Pro und Contra in den Fraktionen
„Die Energiewende hat sich an unserem Regionalplan auszurichten“, begründete Udo Goldmann (CDU) die Auffassung, weiter zu klagen. Der Freiraumschutz müsse Vorrang haben, „sonst geben wir den Standortvorteil einer ausgewogenen Freiraum- und Siedlungsentwicklung auf.“ „Biogasanlagen sind zum Gelingen der Energiewende unverzichtbar“, sagte Werner Spec für den Teil der CDU, der gegen eine Fortsetzung der Klage ist.
Mit einer Klage „verhindern wir den Fortschritt“, machte Michael Makurath (SPD) deutlich. „Der neue Standort macht eine Abwägung zwar nicht leichter, aber unsere Fraktion bleibt in der Kontinuität des ursprünglichen Beschlusses“, sei also für eine Rücknahme der Klage. „Die Energiewende muss Realität werden.“
Joachim Hülscher (Freie Wähler) vermisste ein „offenes, transparentes Standortsuchverfahren“. Freiraumsicherung und Landschaftsschutz seien „nicht wegwägbar, sie binden die Region.“ Das Regierungspräsidium habe sich „einfach über unseren Regionalplan hinweggesetzt und lässt einen schwerwiegenden Eingriff zu.“ Dies sei nicht hinnehmbar.
Es sei zu begrüßen, „dass der regenerative Anteil der Gasversorgung der Nürtinger Stadtwerke durch eine solche Anlage deutlich steigen wird,“ sagte Dorothee Kraus-Prause (Grüne).
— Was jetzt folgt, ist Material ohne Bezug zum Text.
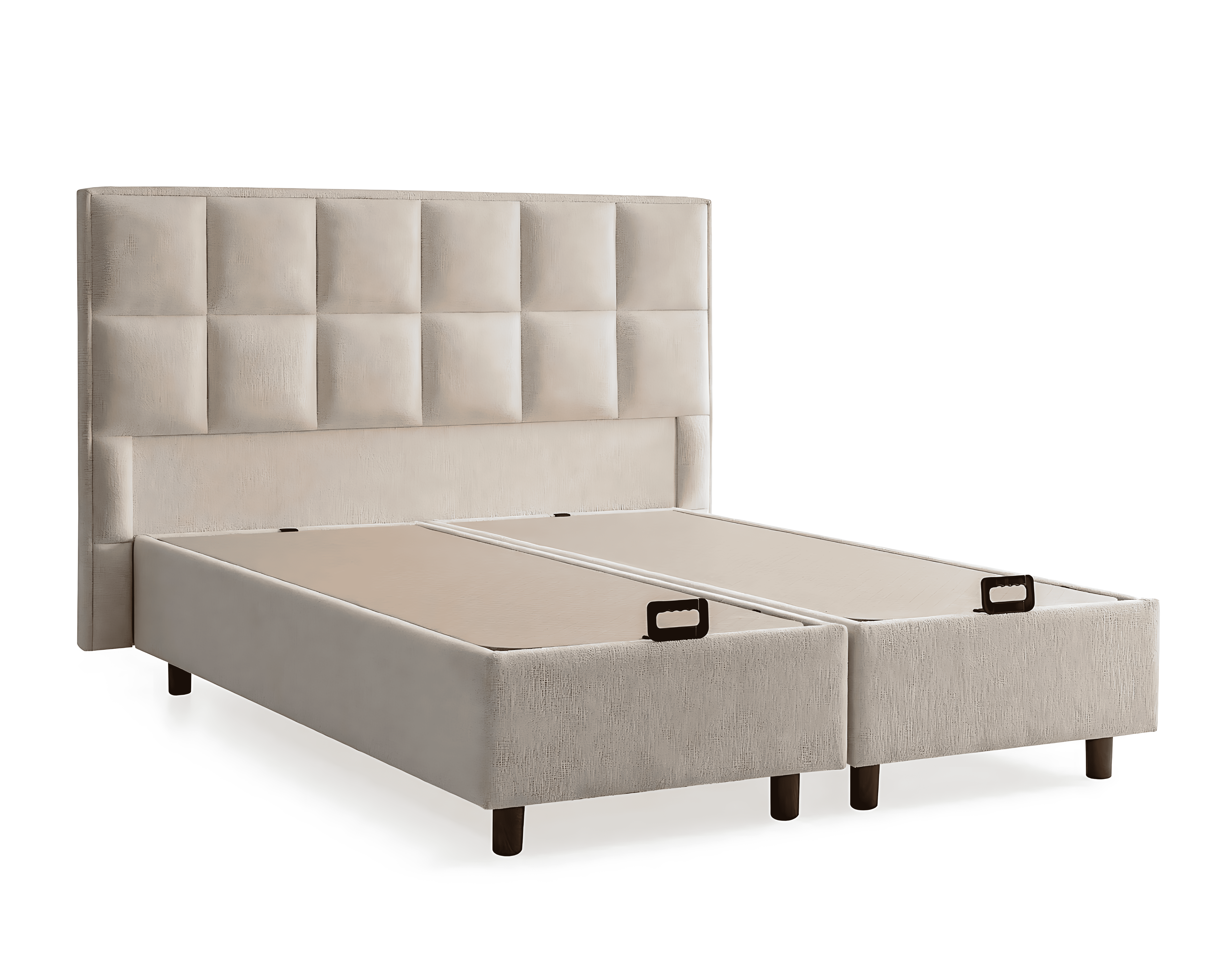 Eleganckie łóżko z materacem w beżowym materiale | xlmeble.pl

Trotz positiver Aspekte halte ein Teil ihrer Fraktion den Standort für ungeeignet. Das Projekt solle an einem anderen Ort realisiert werden. „Denn die Region soll weiter Vorreiter der Energiewende werden“.
Jürgen Hofer (FDP) sieht die Nutzung von Biogas und Windkraft gleichbedeutend. „Kehrseiten und Beeinträchtigungen“ seien die Folgen der Energiewende, sprach er sich gegen die Klage aus. Albrecht Braun (FDP) will den Klageweg so lange beschreiten, bis „eine optimierte Lösung“ erzielt ist.
Christoph Ozasek (Linke) kritisierte die Haltung des Regierungspräsidiums. „Mit dieser Logik bleibt am Ende vom Freiraum nur noch ein Schweizer Käse übrig.“ „Die Standortsuche stand unter keinem guten Stern“, sagte Ulrich Deuschle (Republikaner). Auch der neue Vorschlag habe die Lage nicht verbessert.
Damit in ähnlichen Fällen Standorte für Biogasanlagen vorausschauender gefunden werden können, hat die Regionalversammlung einen Kriterienkatalog verabschiedet. Danach sind Gewerbe- und Industriegebiete die erste Adresse für Biogasanlagen. Findet sich dort keine Möglichkeit, soll nach einem Platz außerhalb geschützter Freiräume gesucht werden. Kommt man dabei auch nicht weiter, sollen Biogasanlagen in der Nähe von bestehenden Einrichtungen, wie Kraftwerken, Kompostanlagen oder Kläranlagen entstehen.